[Excerpts from a dataset]

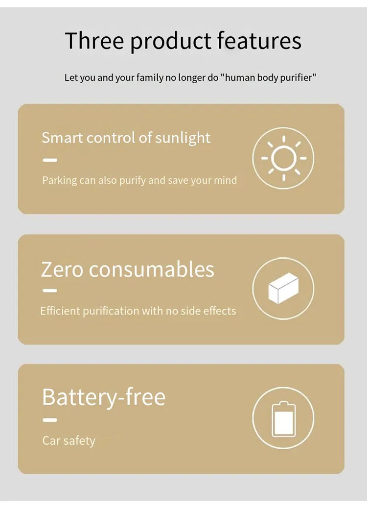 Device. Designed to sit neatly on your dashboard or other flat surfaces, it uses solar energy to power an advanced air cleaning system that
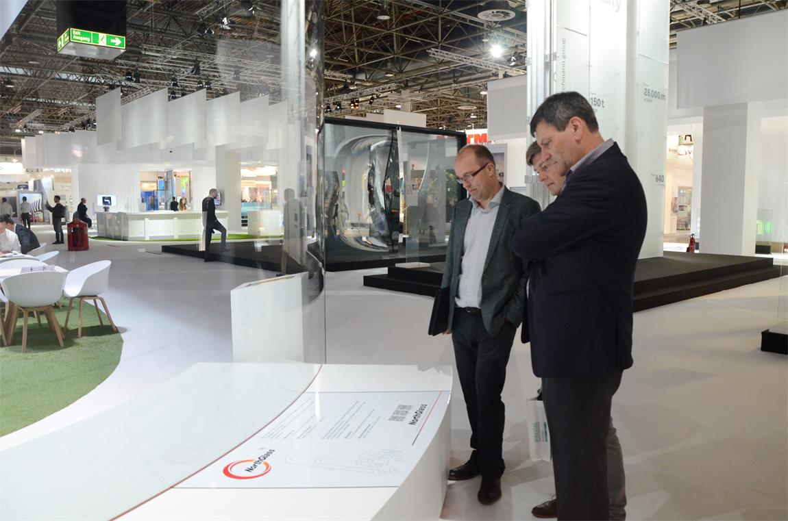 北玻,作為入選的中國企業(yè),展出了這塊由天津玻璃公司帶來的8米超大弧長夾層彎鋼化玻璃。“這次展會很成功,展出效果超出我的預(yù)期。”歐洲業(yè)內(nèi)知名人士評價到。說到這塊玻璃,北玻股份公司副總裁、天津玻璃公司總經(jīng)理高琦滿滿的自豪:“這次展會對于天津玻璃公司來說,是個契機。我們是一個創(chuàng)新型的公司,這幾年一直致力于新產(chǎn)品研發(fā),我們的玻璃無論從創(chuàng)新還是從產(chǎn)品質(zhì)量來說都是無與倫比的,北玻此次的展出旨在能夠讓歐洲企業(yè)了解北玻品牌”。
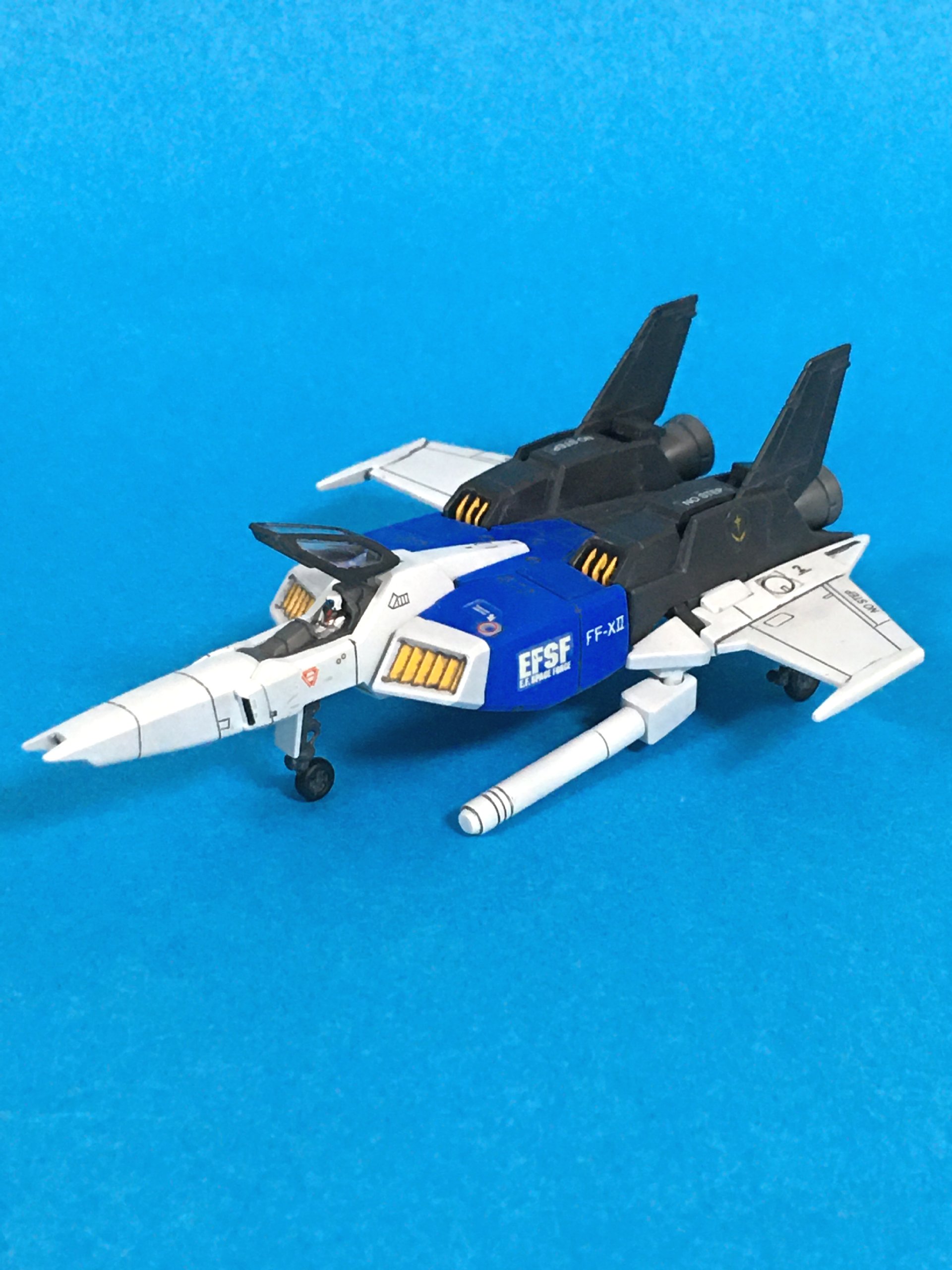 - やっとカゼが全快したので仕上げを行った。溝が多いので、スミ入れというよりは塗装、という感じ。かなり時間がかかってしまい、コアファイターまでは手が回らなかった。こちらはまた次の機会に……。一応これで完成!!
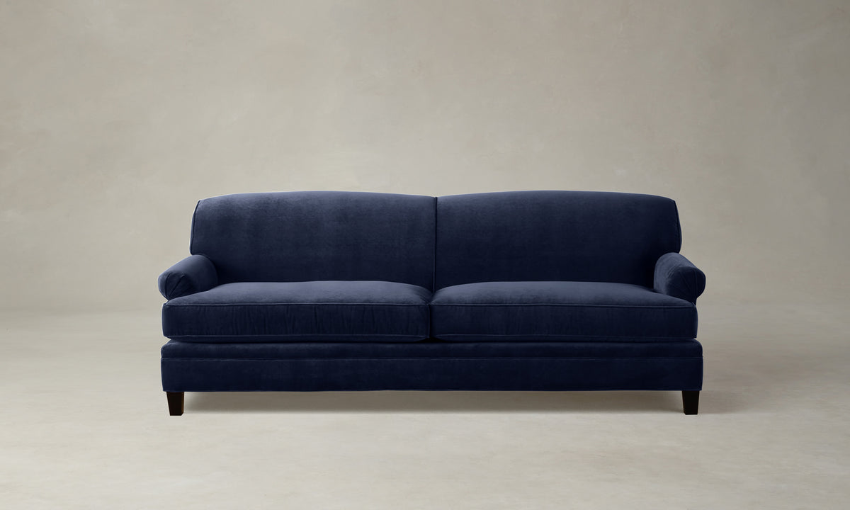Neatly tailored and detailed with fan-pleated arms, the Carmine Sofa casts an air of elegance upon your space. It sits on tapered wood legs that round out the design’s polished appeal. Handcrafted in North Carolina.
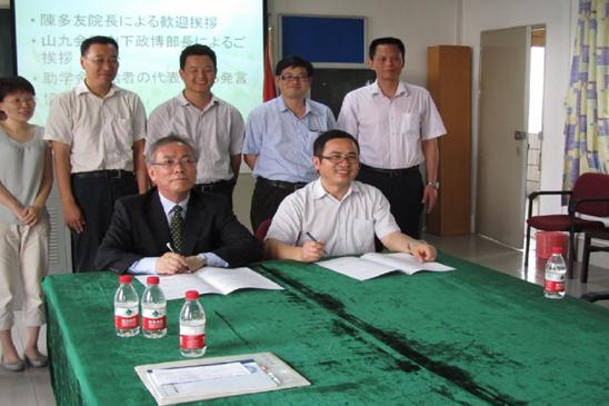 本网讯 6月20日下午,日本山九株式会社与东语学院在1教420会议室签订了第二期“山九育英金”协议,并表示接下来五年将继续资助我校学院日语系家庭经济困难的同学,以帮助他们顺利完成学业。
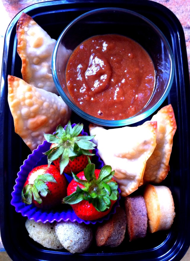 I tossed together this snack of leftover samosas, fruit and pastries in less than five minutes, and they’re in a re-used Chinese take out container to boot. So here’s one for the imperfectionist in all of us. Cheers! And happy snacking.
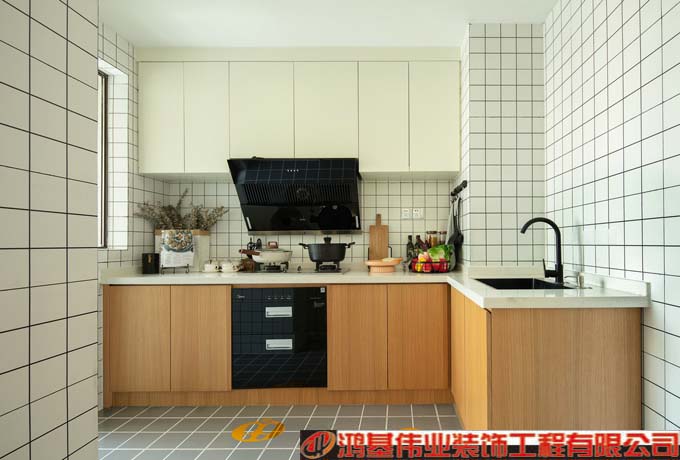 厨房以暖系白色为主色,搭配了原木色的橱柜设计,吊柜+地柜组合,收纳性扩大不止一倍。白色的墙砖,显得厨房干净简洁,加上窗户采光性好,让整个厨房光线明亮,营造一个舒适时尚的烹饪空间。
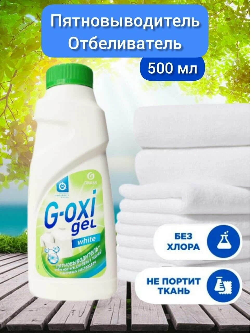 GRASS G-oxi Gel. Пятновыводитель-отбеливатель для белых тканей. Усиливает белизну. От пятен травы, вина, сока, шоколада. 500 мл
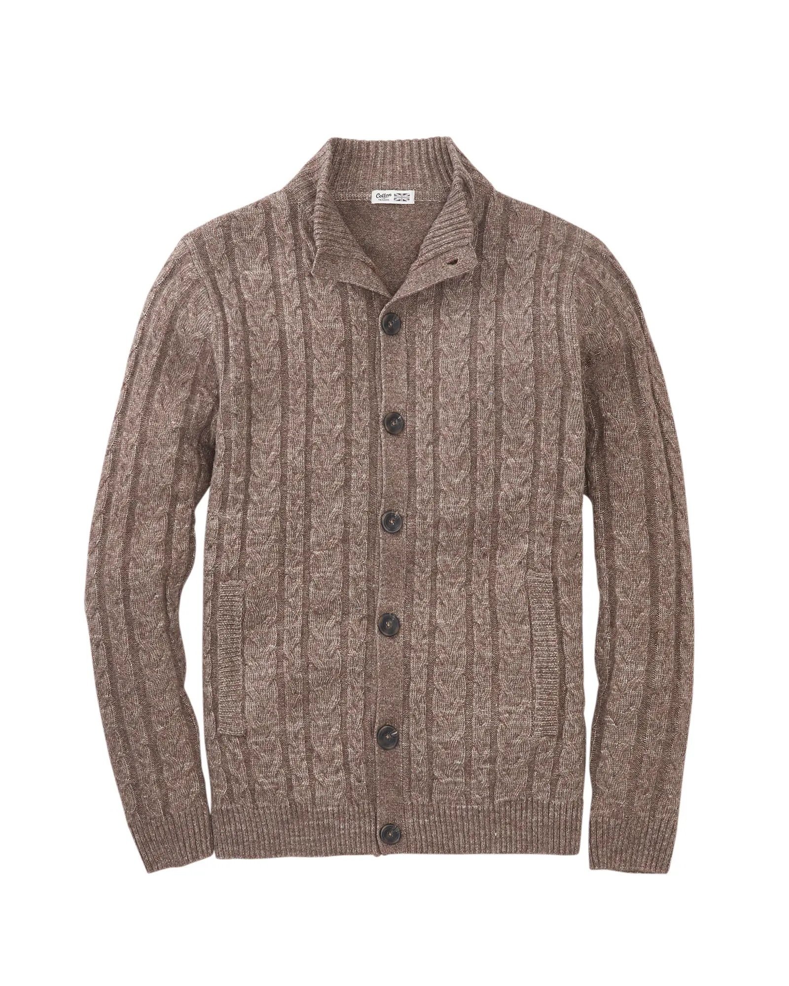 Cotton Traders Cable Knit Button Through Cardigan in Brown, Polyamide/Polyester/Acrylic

▶ [Your objective] Please retype the lines from the one containing "Neatly tailored and" through the last line of the records above, exactly as written, and leave out any pictures.

▶ [Result of the exercise]
Neatly tailored and detailed with fan-pleated arms, the Carmine Sofa casts an air of elegance upon your space. It sits on tapered wood legs that round out the design’s polished appeal. Handcrafted in North Carolina.
 本网讯 6月20日下午,日本山九株式会社与东语学院在1教420会议室签订了第二期“山九育英金”协议,并表示接下来五年将继续资助我校学院日语系家庭经济困难的同学,以帮助他们顺利完成学业。
 I tossed together this snack of leftover samosas, fruit and pastries in less than five minutes, and they’re in a re-used Chinese take out container to boot. So here’s one for the imperfectionist in all of us. Cheers! And happy snacking.
 厨房以暖系白色为主色,搭配了原木色的橱柜设计,吊柜+地柜组合,收纳性扩大不止一倍。白色的墙砖,显得厨房干净简洁,加上窗户采光性好,让整个厨房光线明亮,营造一个舒适时尚的烹饪空间。
 GRASS G-oxi Gel. Пятновыводитель-отбеливатель для белых тканей. Усиливает белизну. От пятен травы, вина, сока, шоколада. 500 мл
 Cotton Traders Cable Knit Button Through Cardigan in Brown, Polyamide/Polyester/Acrylic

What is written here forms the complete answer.